In 2022, Alan received the AARP Purpose Prize. The same year, he also received the Distinguished Alumni Award from the East-West Center in Honolulu; in June 2024, during the center’s International Media Conference, he received its award for Journalists of Courage and Impact, which “recognizes the contributions of exceptional journalists from across the Asia-Pacific region.” In September 2024 Alan and three other graduates of Ridgewood (N.J.) High School were named Distinguished Alumni by the RHS Alumni Association. The honor “recognize[s] the achievements of alumni who have made significant contributions to society through their personal lives, individual passions, talents, professional accomplishments, and/or community service.” He was also named a Washingtonian of the Year in 2020 by Washingtonian Magazine.
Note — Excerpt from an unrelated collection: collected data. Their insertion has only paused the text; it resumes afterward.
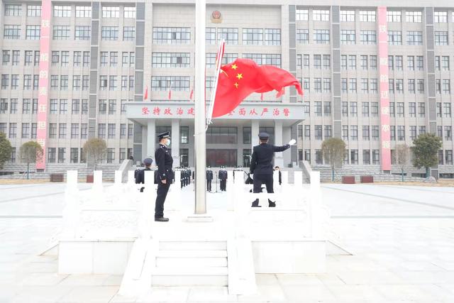 在嘹亮的国歌声中,鲜艳的五星红旗徐徐升到旗杆顶端,在空中迎风飘扬;全体人员面对警旗高举右拳重温入警誓词。
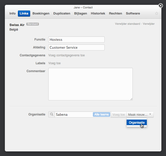 L’ajout des liens vers le contact dans l’onglet « Liens » de la fenêtre d’information d’un contact a été amélioré. Désormais, vous pouvez y utiliser l’habituel champ de saisie détaillé que nous connaissons des données personnalisées. Il permet aussi de créer directement dans cet onglet une nouvelle personne ou une organisation qui n’existent pas encore.
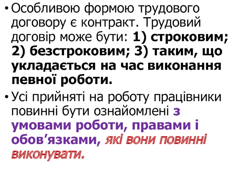 Слайд 66Особливою формою трудового договору є контракт. Трудовий договір може бути:
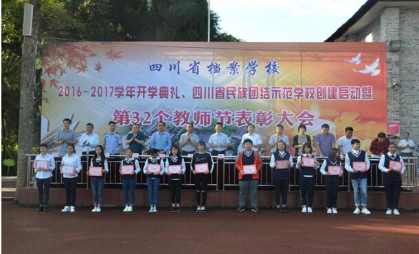 9月9日上午,四川省档案学校隆重举行2016-2017学年开学典礼暨四川省民族团结示范学校创建启动和32个教师节表彰大会。四川省档案局副局长周书生,雅安市教育局副局长王瑞华,雅安市民宗局副局长熊福建等领导出席会议。
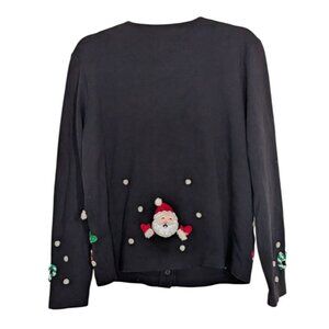 Just B Womens 100% Cotton Black Beaded Santa Not So Ugly Christmas Oversized Lightweight Button Front Cardigan Sweater Size Small
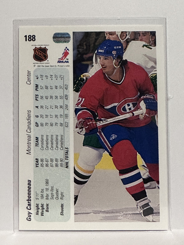 #188 Guy Carbonneau Montreal Canadiens 90-91 Upper Deck Hockey Card
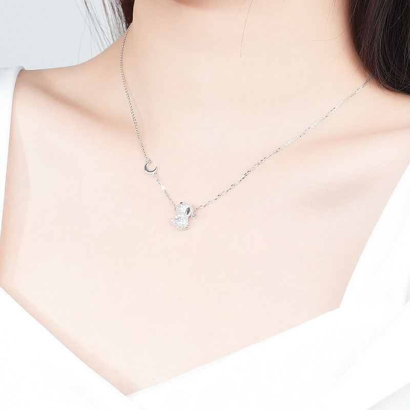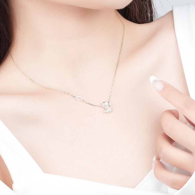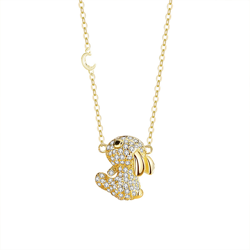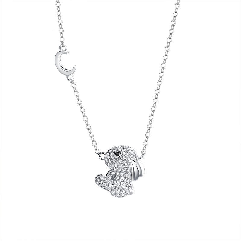 Micro-Set Full Diamond Rabbit Necklace S925 Sterling Silver Moon Rabbit Collarbone Chain
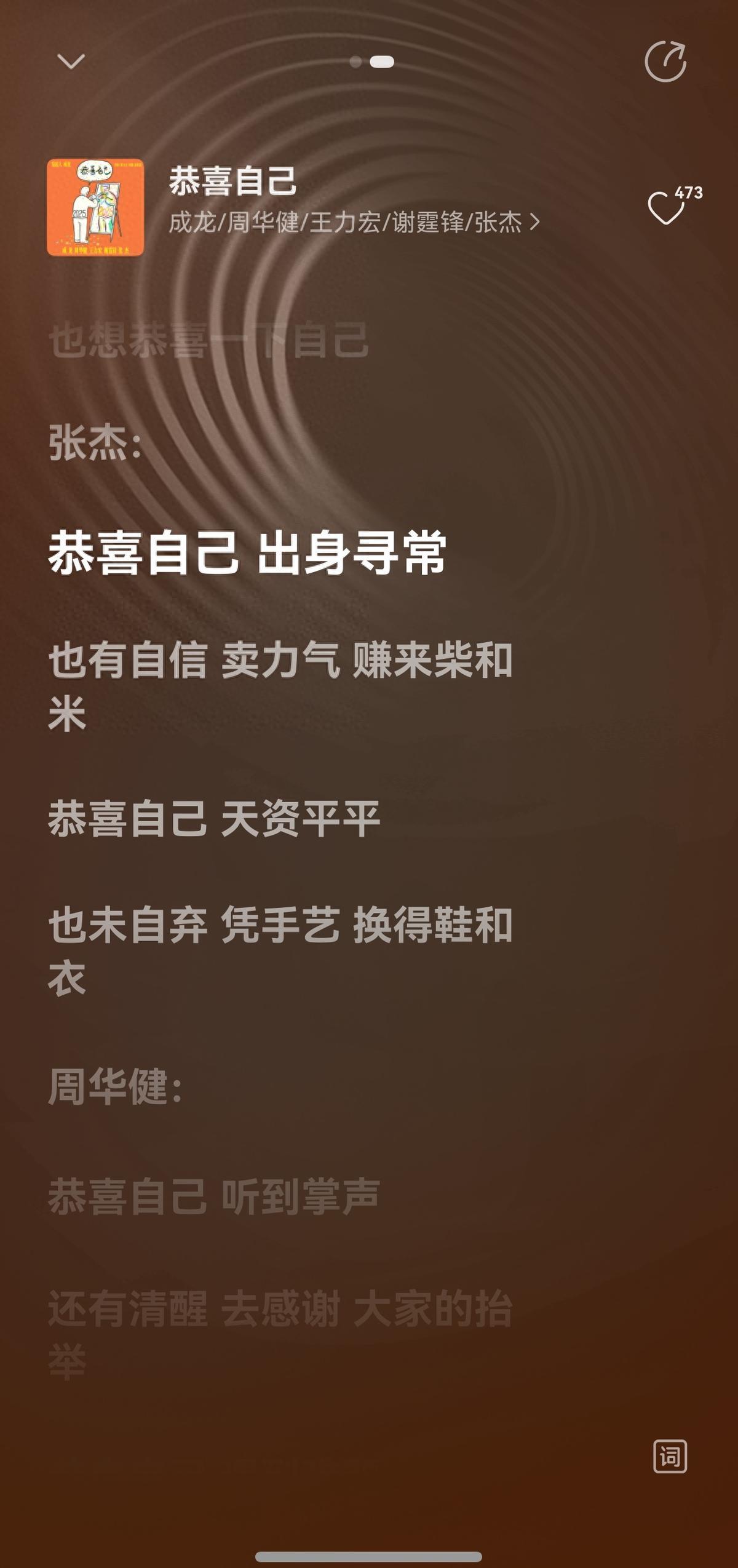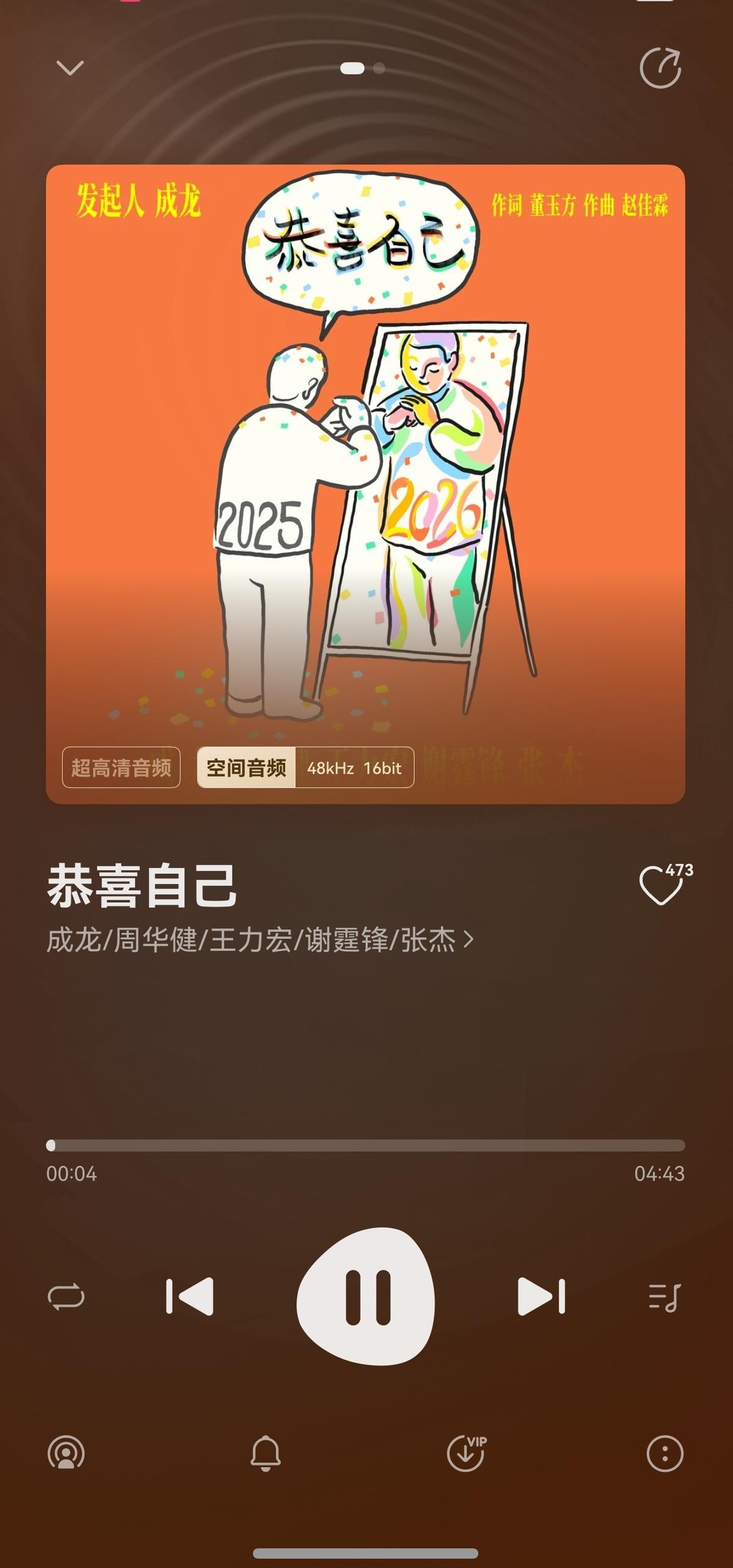 大年初一睡醒第一件事,我還是保持了上班時的習慣,打開華爲音樂聽一會兒歌,幫助自己更清醒,結果突然發現成龍、周華健、王力宏、謝霆鋒和張傑一起演唱的一首新歌《恭喜自己》。橫跨50後到80後,是名副其實的神仙陣容。作爲從小聽着他們歌長大的90後,必須第一時間先聽爲敬。
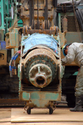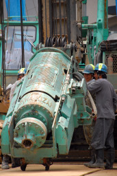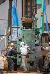 | これらの機材は全て人の力で固定されていきます。これから約1ヶ月を掛けて杭打ちが行われるわけですが、それだけに慎重且つ正確に準備がなされていました。 | |
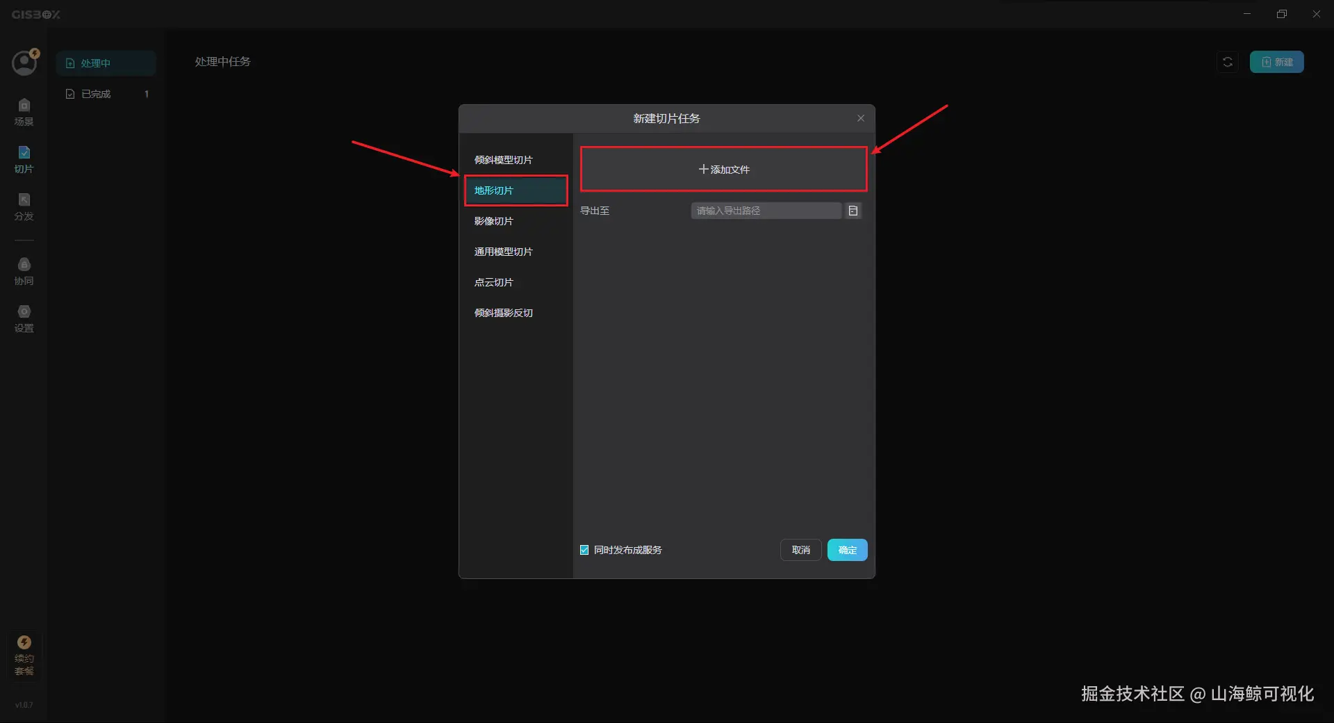 2. 点击左侧切换到 “地形切片” ,然后点击上方的 “+ 添加文件” 按钮添加我们本地的文件,最后点击 “确定” 即可开始切片。
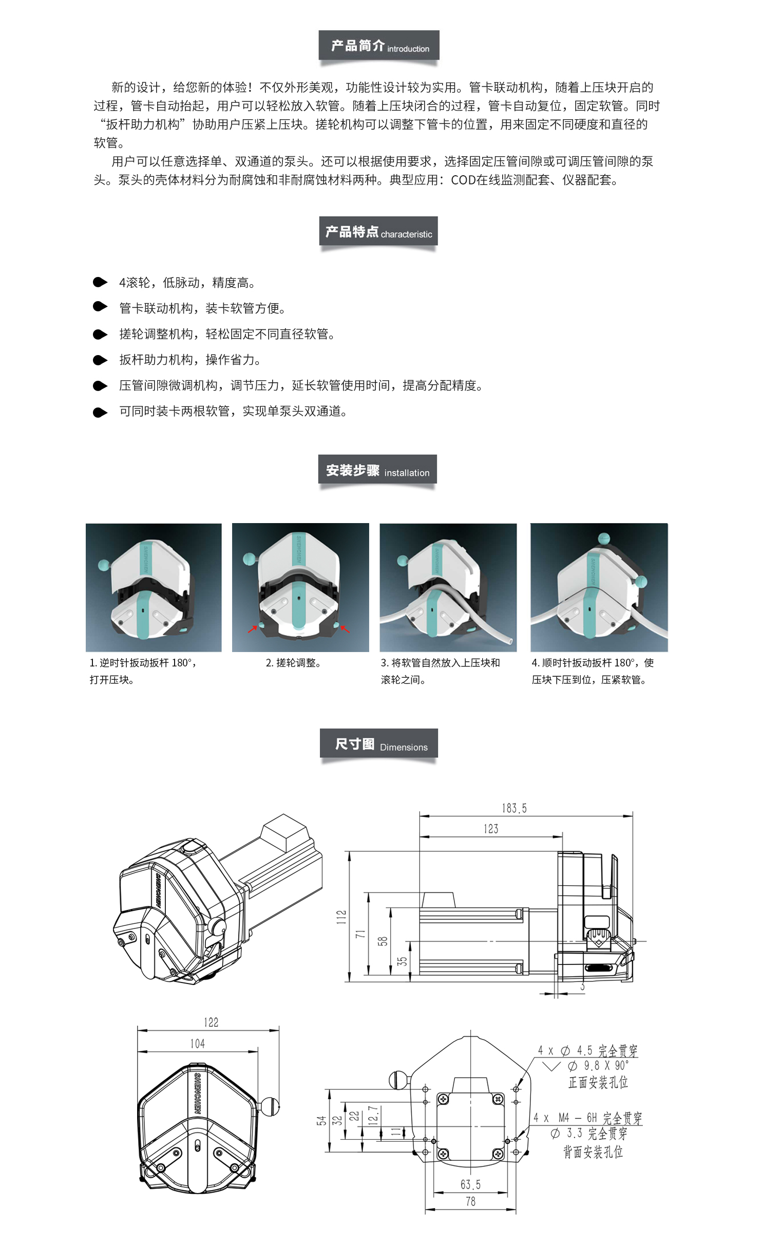 新的設(shè)計(jì),給您新的體驗(yàn)!不僅外形美觀,功能性設(shè)計(jì)較為實(shí)用。管卡聯(lián)動(dòng)機(jī)構(gòu),隨著上壓塊開啟的 過程,管卡自動(dòng)抬起,用戶可以輕松放入軟管。隨著上壓塊閉合的過程,管卡自動(dòng)復(fù)位,固定軟管。同時(shí)“扳桿助力機(jī)構(gòu)”協(xié)助用戶壓緊上壓塊。搓輪機(jī)構(gòu)可以調(diào)整下管卡的位置,用來固定不同硬度和直徑的 軟管。 用戶可以任意選擇單、雙通道的泵頭。還可以根據(jù)使用要求,選擇固定壓管間隙或可調(diào)壓管間隙的泵頭。泵頭的殼體材料分為耐腐蝕和非耐腐蝕材料兩種。典型應(yīng)用:COD在線監(jiān)測配套、儀器配套。
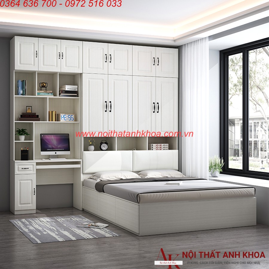 Để tiết kiệm diện tích cho căn phòng ngủ của bạn, Combo Phòng Ngủ Gỗ Công Nghiệp Thông Minh Hiện Đại là sự kết hợp hoàn hảo giữa các món đồ nội thất thiết yếu như giường ngủ, bàn làm việc và tủ quần áo. Combo này mang đến cho bạn sự tiện nghi trong quá trình sử dụng nhờ những ưu điểm vượt trội nâng tầm không gian sống của bạn. Hãy đến với Nội Thất Anh Khoa để lựa chọn combo phòng ngủ phù hợp đáp ứng được nhu cầu và sở thích của bạn để kiến tạo một căn phòng ngủ của mình trở nên hoàn hảo hơn và có thể thư giãn, tận hưởng những giây phút nghỉ ngơi trọn vẹn nhất, chúng tôi sẽ giúp bạn tìm hiểu một số thông tin của sản phẩm này để bạn có nhiều lựa chọn hơn nhé!
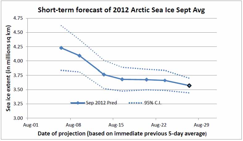 Arctic sea ice continues to melt at a record pace (yesterday’s daily level was at 3.8 million sq km), so the next projection update may be slightly lower. The eventual level will depend largely on when the minimum is actually reached; recent years’ five-day minima have ranged from early September (e.g. 2010) to late September (e.g. 2011). But at this late stage, I would be surprised if the 2012 September average went below 3.4 million sq km (or above 3.7).
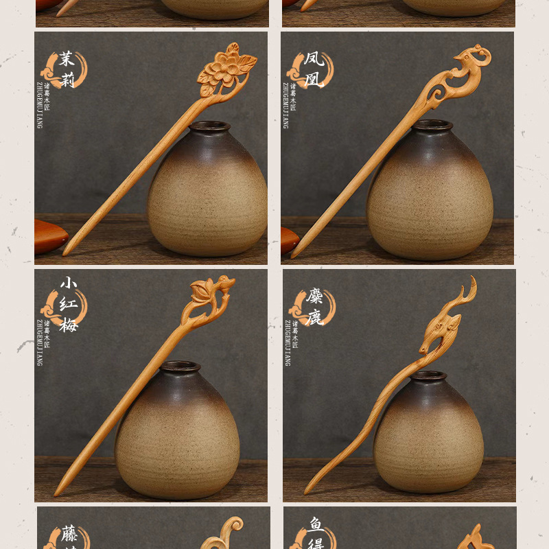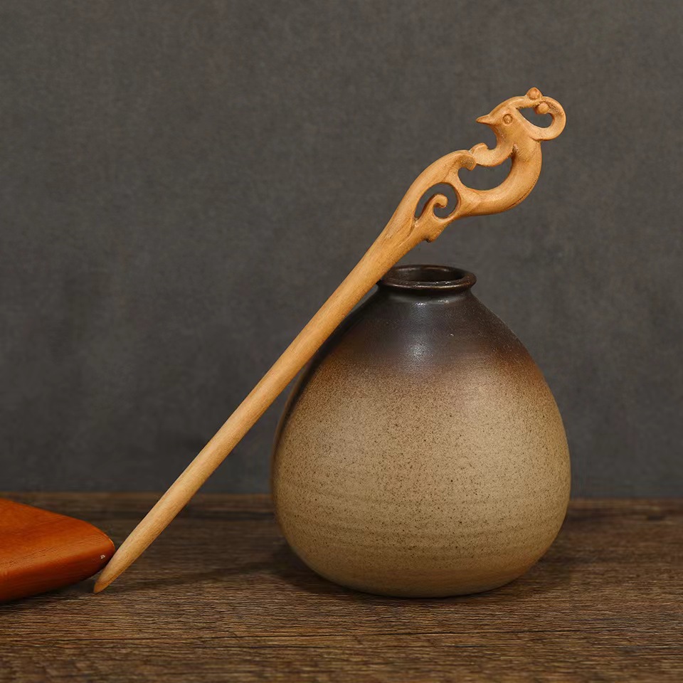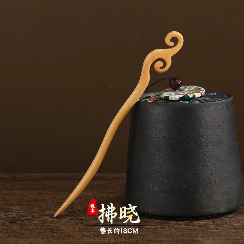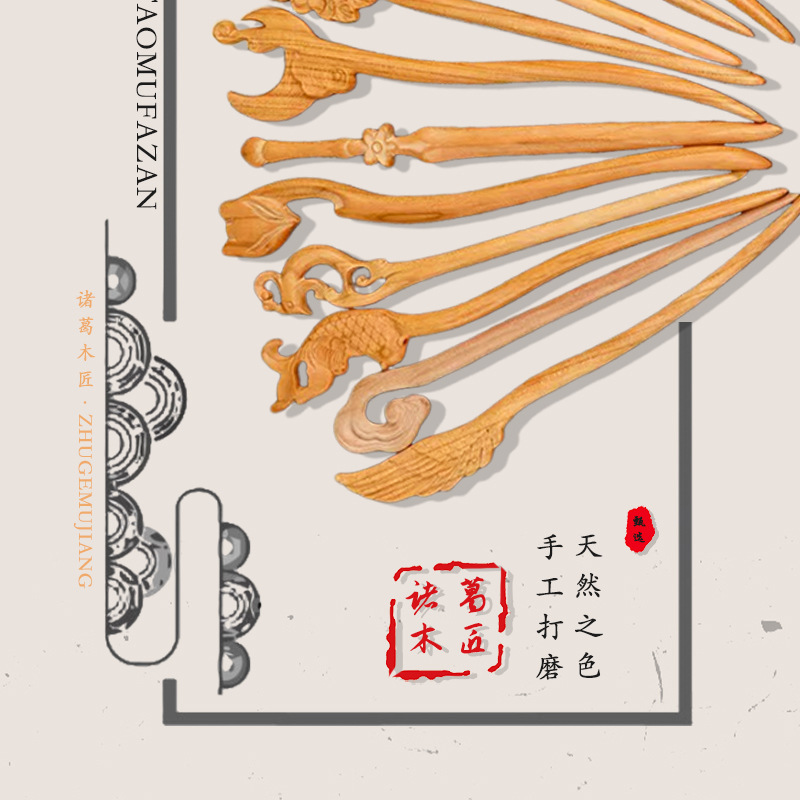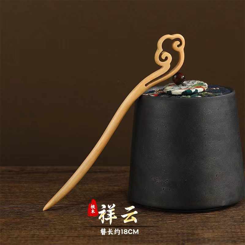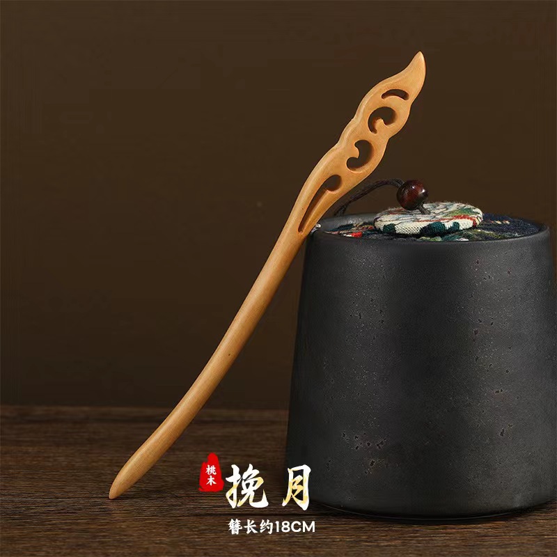 桃木发簪旗袍汉服簪子双面雕刻古风木簪配饰盘发简易木质簪子发钗
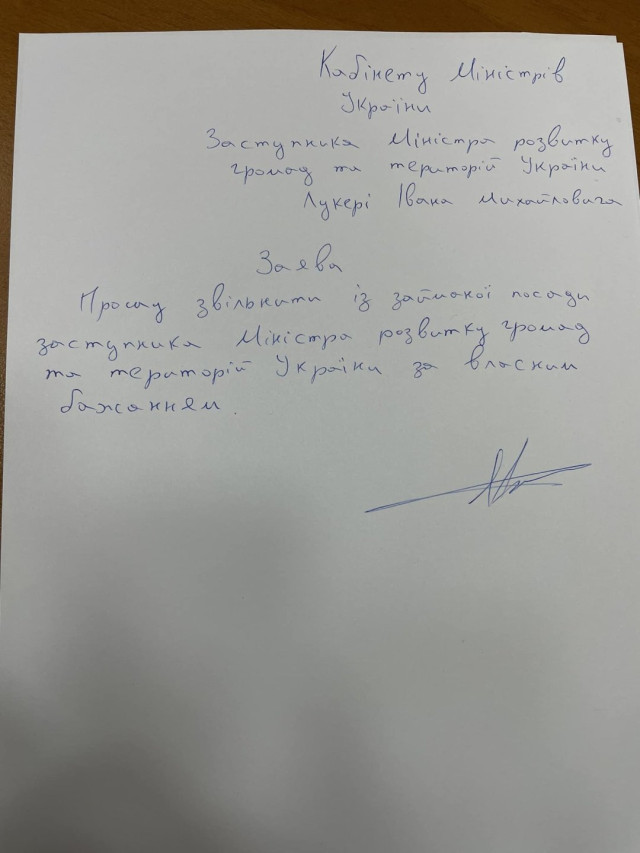 Заступник міністра розвитку громад та територій Лукеря написав заяву про звільнення

Alan was a fellow with the Peter Jennings Project at the National Constitution Center in March 2008 and the Japan Society in 1998 and a student participant at the East‐West Center Communication Institute from 1976 to 1978. He has appeared on panels sponsored by the Knight Commission on the Information Needs of Communities in a Democracy, Investigative Reporters and Editors, the International Center for Journalists, the National Endowment for Democracy and the Shorenstein Center on the Press, Politics and Public Policy at Harvard University’s John F. Kennedy School of Government. A Phi Beta Kappa graduate of Wesleyan University in Middletown, Connecticut, Alan received a master’s degree in political science from the University of Hawaii
A pioneer in the field
"Teaching news literacy is not an option. It’s an essential survival skill in an information age."